李慕白聽了德嘯峰這些話,雖然心裡氣忿,不以為然。但想不必和德嘯蜂爭論,他走之後,自己愛怎麼樣就怎麼樣,所以就含糊看答應。在德家吃了晚飯,臨走時,德嘯峰給了他一個錢莊的存摺,叫他用錢時隨便去取,李慕白就走了。次日又到德家來,門上的人就說:「我們老爺今兒一清早就走了。」李慕白就說:「若是有甚麼不認識的人,到這宅裡來麻煩,你們就出城找我去!」門上的人說:「我們老爺臨走時,也囑咐過我們了,說是有甚麼事就請李大爺去。」李慕白回到廟裡。自從德嘯峰一走,偌大的北京城,更無一個朋友,寂寞時只有到纖娘那裡去談談。李慕白因為很注意那徐侍郎與胖盧三這兩個人,就問過纖娘。據纖娘說:徐侍郎是她的熟客,胖盧三不過是徐侍郎的朋友;因為徐侍郎是個作官的人,不便出入花街柳巷,所以每次只是由胖盧三把她找去,或是叫條子出去。見面的地方,有時在飯莊子,有時在胖盧三的外家。並說那個徐侍郎年有六十多歲,是個很闊的人,並且跟一位王爺最好,所以胖盧三很巴結他。李慕白又問到外面傳說纖娘要跟徐侍郎從良的話,鐵娘羞得滿臉通紅,說:「我並不願跟徐侍郎從良。徐侍郎家裡也有兩個妻,他不願再要人,這都是胖盧三,要拿著我應酬徐侍郎。」李慕白聽纖娘這樣說,就把那胖盧三恨入骨髓,就想:早晚見著他,非要揍他一頓不可!

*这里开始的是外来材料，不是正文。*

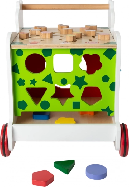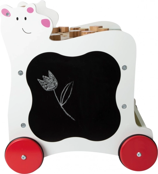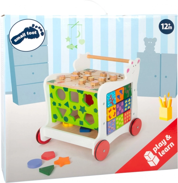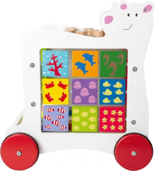 Zaradi gumiranih koles je premikanje tiho in prijazno do vseh vrst tal. Hojica ponuja tudi shranjevalni prostor za kocke in drobnarije, zato je igralni kotiček vedno hitro pospravljen.

在德嘯峰走後的第五天,這時正在三伏,十分悶熱,李慕白在小屋裡熱得更是蒸籠一般。他就在院中陰涼下,鋪了一領涼蓆躺著,揮著扇子。這個院子裡,只有殿中供著的古佛和兩廊停著的棺材,連和尚都不常到這裡來。李慕白仰面看了會天際飄浮的白雲,剛要睡覺,忽聽一陣腳步雜亂之聲,有三個人進到院中來。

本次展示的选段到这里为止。